I lived there for just a few years before moving overseas which is where I still am. 

I didn't have any real troubles where I lived but I knew there were some less desirable areas that were to be avoided. 
Housing prices have since gone up 5 times since then, and for the same money I'd probably look at other areas especially toward the north eastern unless there are other reasons to be buying into the area. Reputations do change so it would be interesting to hear what the current reputation of that area is. Generally pockets like Collingwood Park had a good reputation but access to public transport there is poor. I think areas close to stations will improve more quickly.


----------



## Dexter

Thanks Gismo,

I looked at some north eastern suburbs and prices seem to be higher than around Redbank and Goodna. I am looking at the area from investor's perspective. I am just afraid if all that Ipswich area isn't something like Sydney's Liverpool and Campbelltown - where nobody wants to live as it is far from everything and not considered to be really safe.


----------



## gismo

There's been a lot of change in Ipswich over the past few years but it's hard for me to let go of its old image. Places do change and there's a lot of nice old houses in Ipswich and the city has a long history which helps give the city some soul but I still think it's a few years away from loosing the stigma attached to the area. Still I don't think I'd want to live there again unless I was situated there for work. It is fairly convenient and house prices are better than many other areas. Generally the more expensive areas are more desirable and the cheaper areas you have to question why it's cheap....perhaps use price as your guide.


----------



## Dexter

Thanks Gismo once again. 

My choice is basically between a new or a few year old home in Brisbane/Ipswich or a old unit in Sydney Inner West (of course for investment purposes). Rental return is higher in Sydney but price is likely to increase more in Brisbane as homes usually grow faster than units. Also, in case of home there is no strata charge and since this is a new home, depriciation cost can be claimed off your tax. I am targetting inexpensive but good properties which you could possibly rent out. That's why I am not into crossing into a certain price level.


----------



## Wanderer

Dexter said:


> Thanks Gismo once again.
> 
> My choice is basically between a new or a few year old home in Brisbane/Ipswich or a old unit in Sydney Inner West (of course for investment purposes). Rental return is higher in Sydney but price is likely to increase more in Brisbane as homes usually grow faster than units. Also, in case of home there is no strata charge and since this is a new home, depriciation cost can be claimed off your tax. I am targetting inexpensive but good properties which you could possibly rent out. That's why I am not into crossing into a certain price level.

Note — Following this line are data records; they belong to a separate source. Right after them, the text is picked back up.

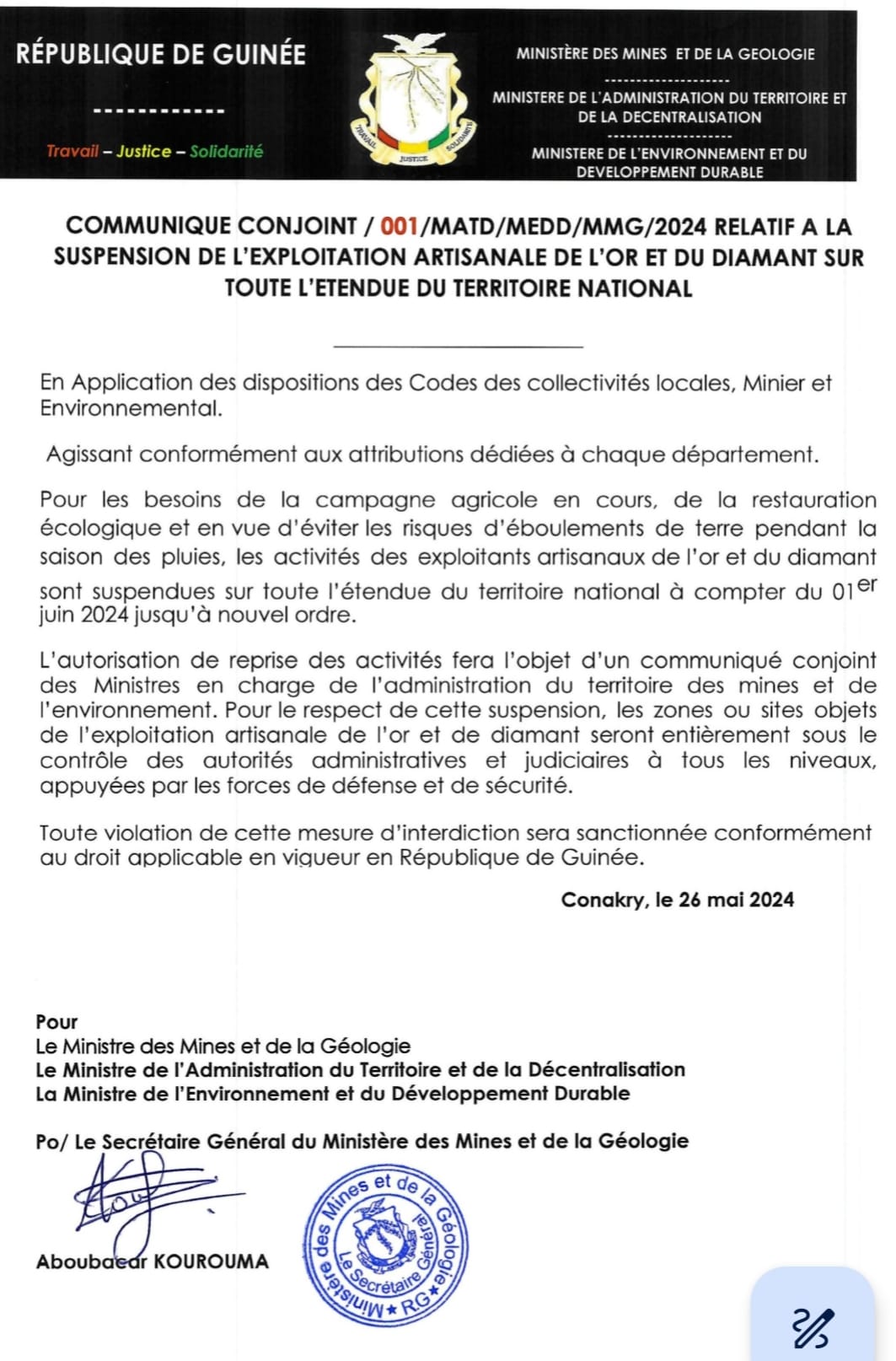 Dans un communiqué diffusé dans la soirée de ce dimanche 26 mai 2024, le ministère des Mines et de la Géologie et celui de l’Administration du Territoire et de la Décentralisation(MATD), ont annoncé la suspension des activités d’exploitation artisanales de l’or et de diamant sur toute l’étendue du territoire à partir du 1er juin prochain jusqu’à nouvel ordre. Les deux départements ministériels justifient cette décision par les « besoins de campagne agricole et de restauration écologique ».
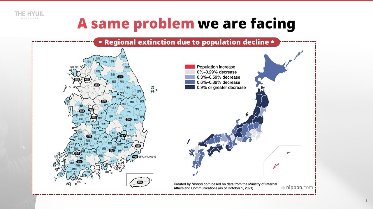 한국과 일본은 ”인구감소에 따른 지역 소멸”이라는 공통된 사회적 문제에 직면해 있다. 그리고 이에 대한 해법을 찾기 위해 생활인구를 확대할 수 있는 방안을 모색하고 있는데 이를 위한 가장 실질적인 전략이 바로 워케이션이 될 수 있으며 실제 우리의 B2B/B2G 워케이션 모델을 통해 지역의 주중/비수기 생활인구 확대 및 지역 소비 증진이라는 결과를 가지고 오고 있기에 일본 정부 및 지자체 입장에서 워케이션에 대한 니즈가 분명히 있을 수 있다고 판단한다. 즉, 우리의 한국에서의 성공적인 워케이션 모델을 일본에 도입할 수 있다면 한국과 일본이 공통적으로 직면하고 있는 인구감소에 따른 지역 소멸 문제를 함께 해결해 나갈 수 있을 것이고 이는 사업적으로 기회를 만들 수 있을 것이라고 생각한다.
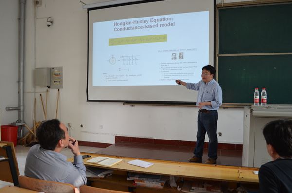 4月24日,北京师范大学博士生导师吴思教授应邀来我校作了题为“脑科学中的物理”的学术报告。吴思教授在介绍了大脑信息处理的基础知识后,以单神经元模型和神经网络模型等最新研究成果为例,详细阐述了物理学在脑科学中的应用,并展望了脑科学未来的发展方向和应用前景。吴思教授精彩的报告使与会师生对生物物理这一交叉学科的研究内容、研究方法及潜在应用等方面有了深刻的理解。
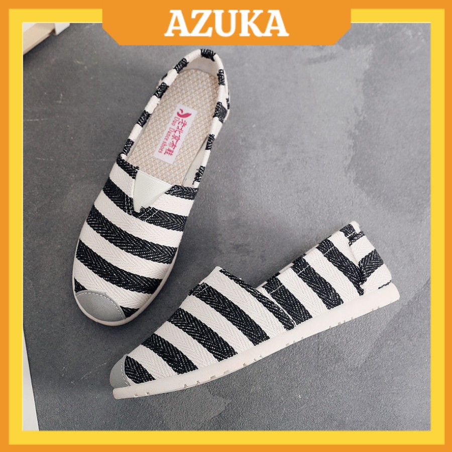 Giới thiệu Giày búp bê nữ giày lười nữ vải cao cấp đế bằng giá rẻ sọc trắng đen năng động xinh đẹp - F3
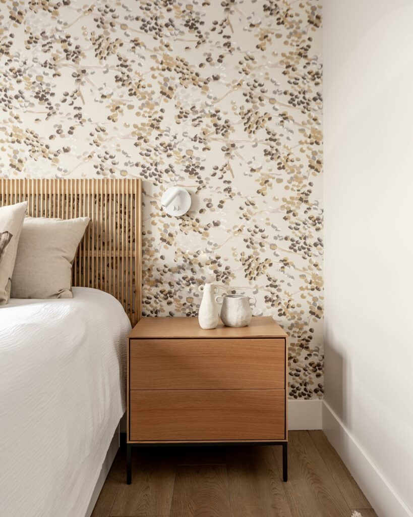 Por otra parte, este dormitorio de líneas minimal y serenas con notas de naturalidad, un proyecto en el que se ha empleado una paleta de colores tierra y mucho blanco, haciendo uso de nuestros materiales.
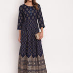 Gold Printed Rayon Flared Kurta (Navy Blue) (Pre-Order)
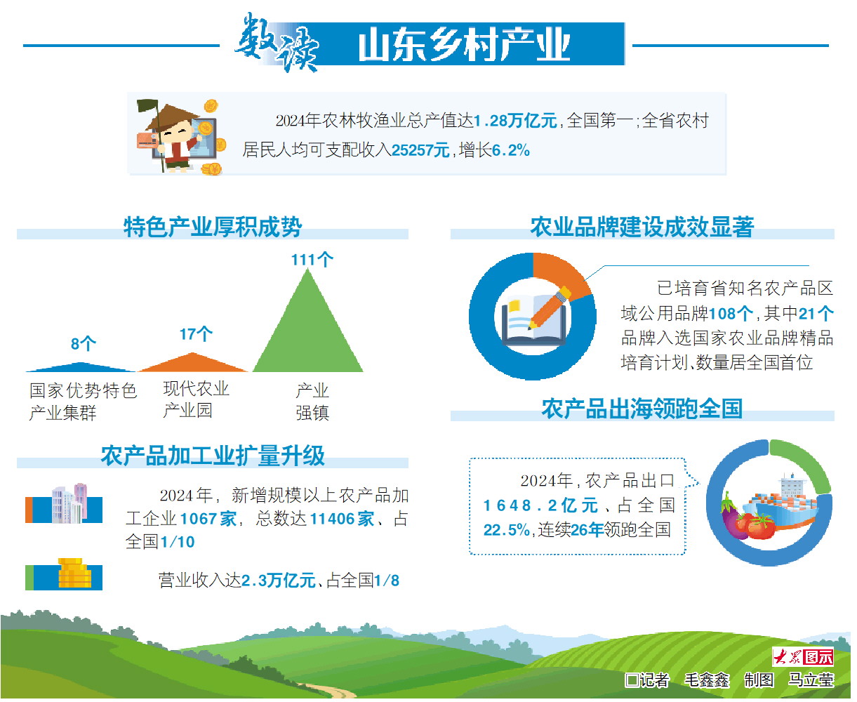 向着进一步提升农业、繁荣农村、富裕农民的更高目标,山东聚焦重点产业,聚集资源要素,培育发展动能,构建具有山东特色的乡村富民产业体系,力争到2027年,乡村富民产业蓬勃发展,带动农民经营性收入和工资性收入显著提高,日子“芝麻开花节节高”。
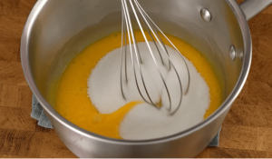 Dok se mlijeko postepeno zagrijava, uzima se velika zdjela i u njoj pomijesajte žumanca i šećer u prahu. Cilj je dobiti svijetlu, zračnu smjesu koja djeluje gusto i kremasto – ovaj proces traje 2 do 3 minute i može se raditi električnim mikserom ili energičnim ručnim miješanjem.
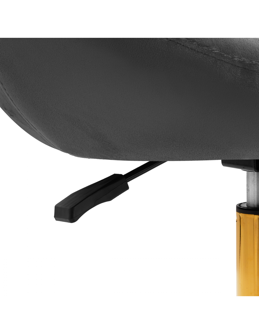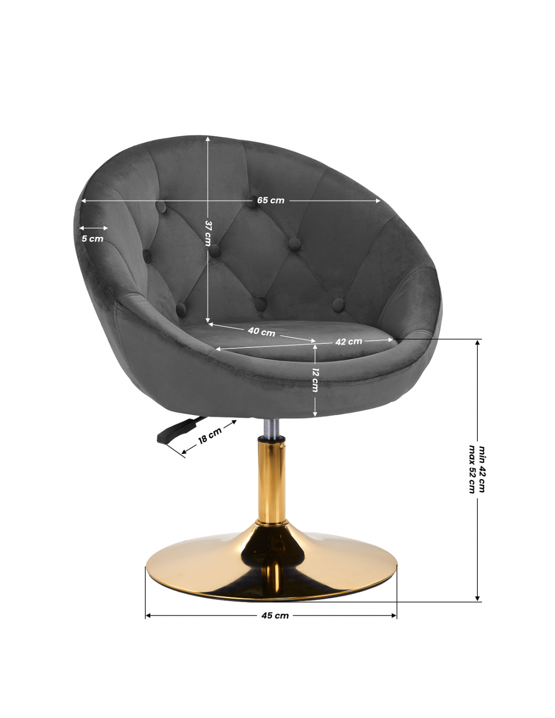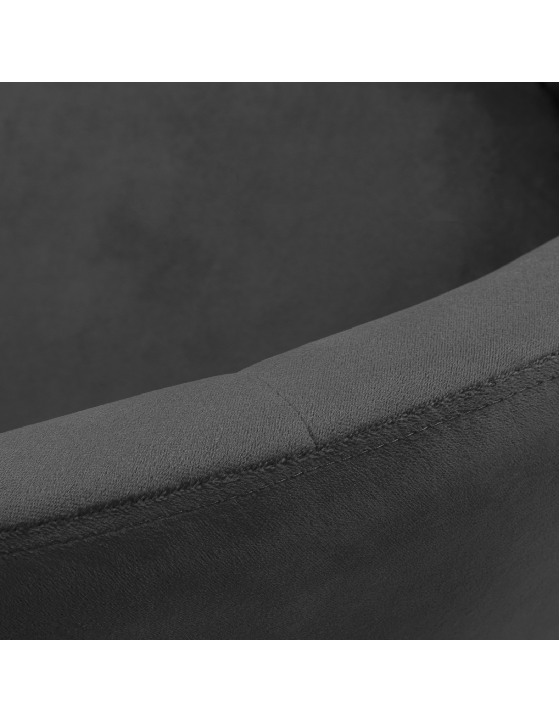 Luksusowe wykończenie sprawia, że mebel wpada w oko. Przyjemne w dotyku, welwetowe obicie w odcieniach szarości wraz z ozdobnym pikowaniem nadają mu wyjątkowego charakteru. Stabilna, okrągła podstawa w odcieniach złota dodaje elegancji, idealnie komponując się z welwetem. Estetyka wykonania, komfort użytkowania, ergonomicznie wyprofilowane oparcie i estetyczne pikowanie sprawiają, że krzesło spełni wymagania nawet najbardziej wymagających użytkowników.
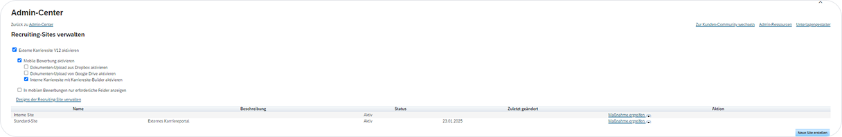 Aktivieren Sie die interne Karriereseite im Karriere Site Builder
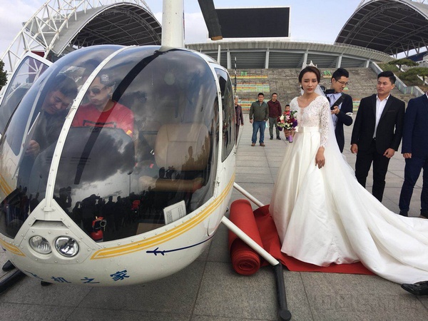 坐上直升机空中办婚礼 浪漫场面打动网友
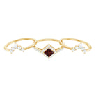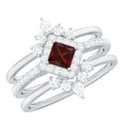 Inspired by the old-world romance, this 3 Piece Wedding Ring Set brings a timeless glow to your forever moment. At its center is a mesmerizing 6 mm Princess Cut Garnet, set diagonally for a touch of bold elegance that instantly stands out. Surrounding the center stone is a sparkling Diamond Halo, paired with shimmering Diamond Side Stones that add depth, radiance and irresistible warmth. Completing the trio are two beautifully Curved Enhancer Rings, each adorned with a graceful combination of Round and Pear Shaped Diamond stones that frame the engagement ring with romantic brilliance. Together, they create a stunning layered look filled with emotion. Perfect for the bride who adores classic beauty with a modern twist, this Garnet Engagement Ring with Wedding Band arrives in a signature jewelry box and is available in a range of ring sizes to ensure the perfect fit. Crafted to symbolize eternal devotion, this breathtaking Princess Cut Engagement Ring Set becomes a lasting reminder of love that never fades.

You never know, the great Ausssie housing market may eventually burst somewhat.
I read a few years back that ratio of average house price to average annual wage here was about 6:1 whereas US/Canada it was closer to 3:1, maybe even lower now what with Fanny Mae and Freddy Mac and they even have R/E agents in Florida taking UK/European people on investment tours.
Perhaps it has been our continual immigration and want of people to have bigger and bigger houses that keeps prices so high!
Have you thought of an ADF housing investment for they have had a program of getting people to purchase new housing and lease it back on long term leases.
No agents, no rental vacancies, no maintenance etc.
http://www.dha.gov.au/


----------



## Dexter

Thanks Wanderer,

This is undoubtedly yet another option worth considering.


----------